2) In the face of unbearable suffering of civilians and mounting casualties, Western governments have failed to enact convincing measures to prevent further violations, conduct independent and impartial investigations, or bring the perpetrators to justice. According to many human rights groups and international aid organizations, including the UN Human Rights Watch and OXFAM, Western governments, instead, are carrying on business as usual, and in some cases even escalating arms transfers.

3) This is a clear breach of the golden rules in the Arms Trade Treaty, International Law, International Humanitarian law, and the UN Charter. Under the same laws and treaties, all Western governments, including the US, must immediately halt their deadly arms transfers and military support to Saudi Arabia and its coalition partners that are capable of being used to commit or facilitate further serious violations of International Human Rights and Humanitarian Law in Yemen.

4) Washington and its NATO allies know full well that it’s because they have turned a blind eye that Saudi Arabia continues to bomb Yemen daily with the goal of returning its puppet, President Abd Rabbuh Mansur al-Hadi, to office. They also know full well that no proxy warfare is being played out between Tehran and Riyadh for influence there.

5) All this means there is an American-Saudi imprint on every civilian life lost in Yemen. They are deliberately using disease and starvation and the withdrawal of humanitarian support as a tactic. While Saudi Arabia is dropping the bombs on the impoverished country and its people, the US is supplying the weaponry, refueling their bombers in the air, and providing other support for the war. President Trump has even authorized $110 billion in military sales to Saudi Arabia, including cluster bombs!
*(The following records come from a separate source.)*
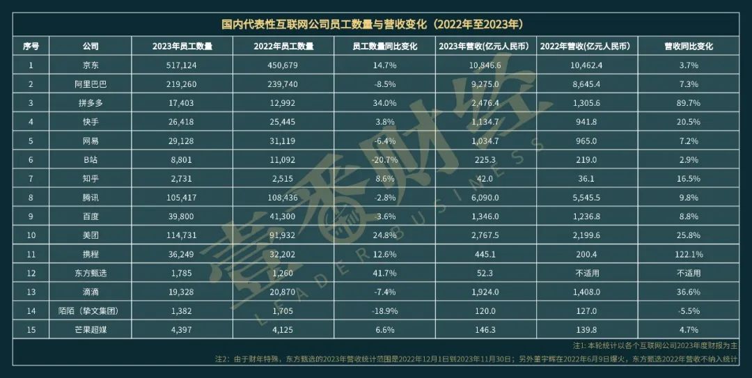 拼多多是中概互联网公司中人均营收最高的,另外,拼多多也成为了1万人以上的互联网公司中,去年增员最猛烈的。它2023年员工人数超过了17000人,同比增长34%。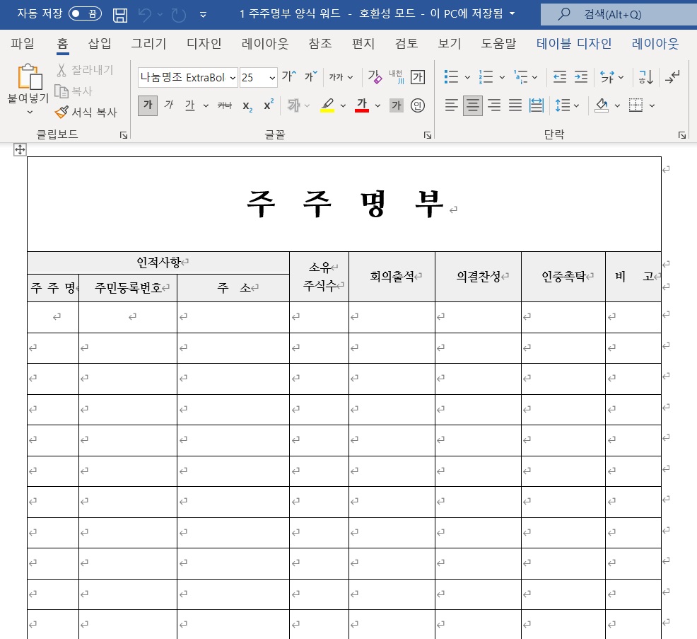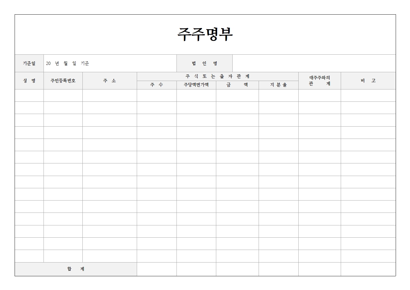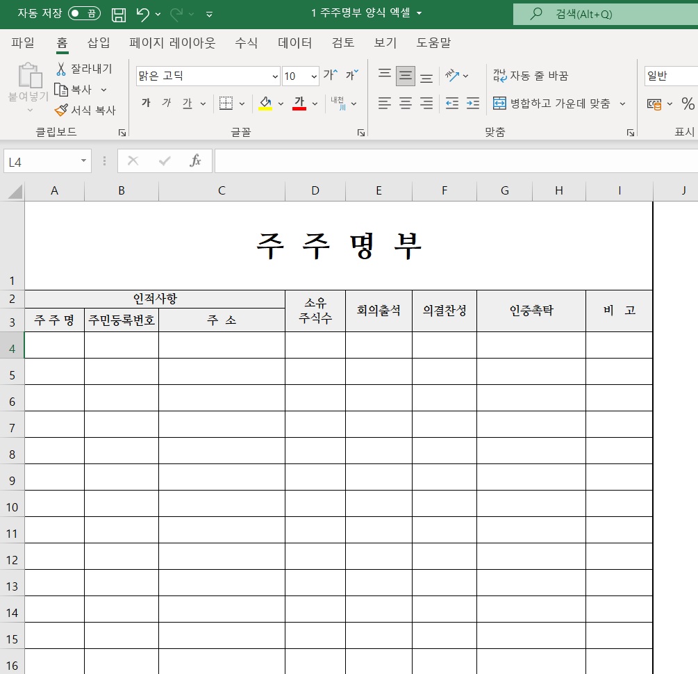 해당 주주명부 양식을 엑셀로 제작한 파일입니다.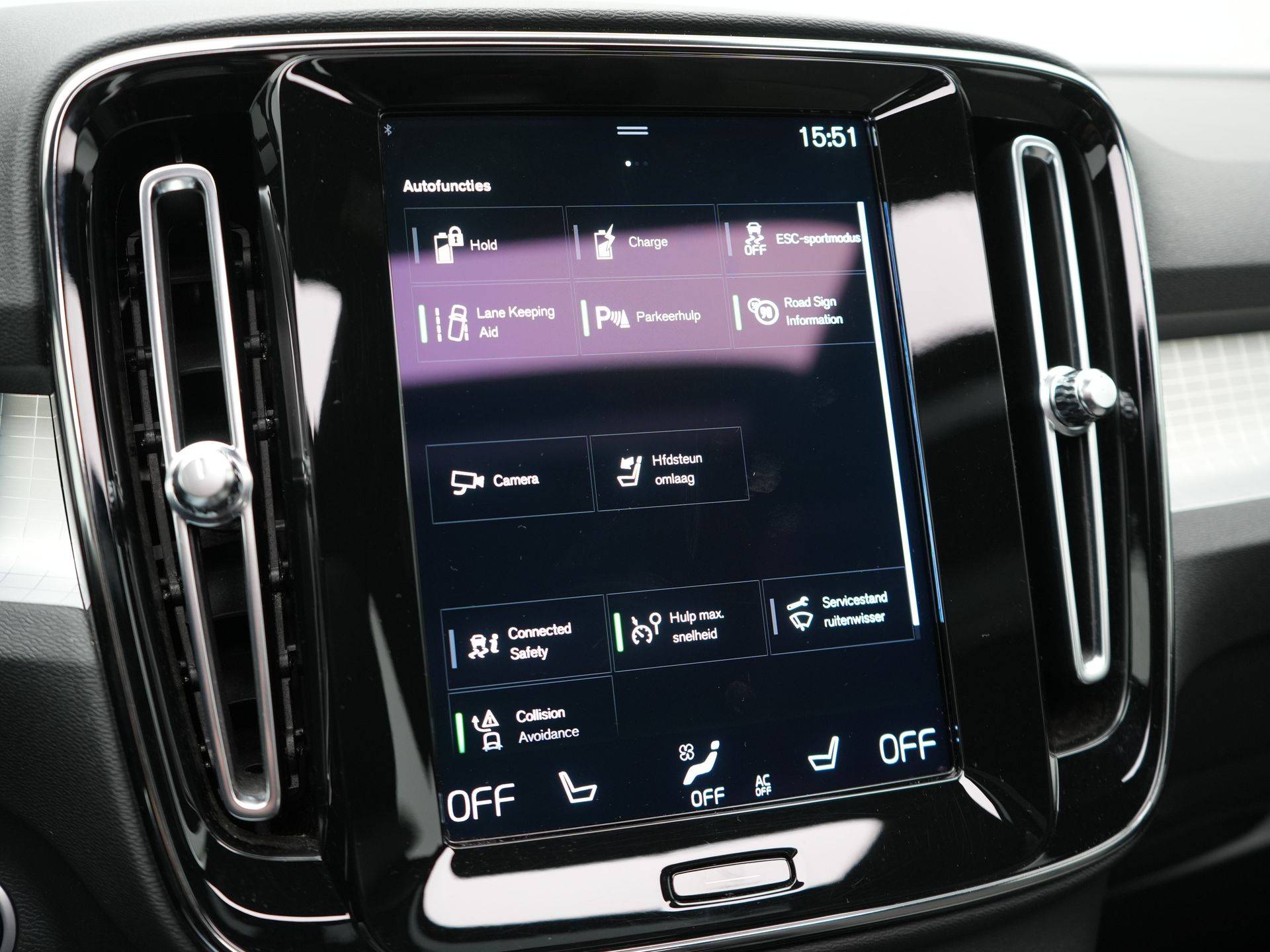 Deze Volvo is voorzien van verschillende intelligente veiligheidsvoorzieningen. Ze kijken tijdens het rijden als het ware met u mee, ze signaleren potentieel gevaarlijke situaties en in een aantal gevallen kunnen ze ook ingrijpen. In het instrumentarium laat de verkeersborddetectie de actuele verkeersborden zien. Ongemerkt buiten de rijstrook raken? Nee hoor, het Lane-keeping systeem waarschuwt en corrigeert. Veilig inhalen en invoegen wordt bevorderd door de actieve dodehoekdetectie. U bent mede dankzij forward collision warning system, hill hold functie, brake assist, vermoeidheidsherkenning en bandenspanningcontrolesysteem steeds veilig onderweg.

There seems to be a new mood in Congress, where some lawmakers and senators say they want peace in Yemen. But are they enough to pass the bill into a law? History shows us that even if such attempts prove to be serious and honest in nature, the number of supporters of such bills is always too low. Still, if there is any hope pinned on the current move, the United Nations needs to get on board as well to voice its support, to forge global solidarity and to exert pressure on the Trump administration and other Western governments to stop providing the Saudis with arms, military, and diplomatic support.

Under its own Charter, the world body has a duty to exert pressure on Riyadh and Washington to end this horror, to lift their illegal blockade of Yemen, which continues to exacerbate a humanitarian crisis that aid groups are calling the most severe in decades.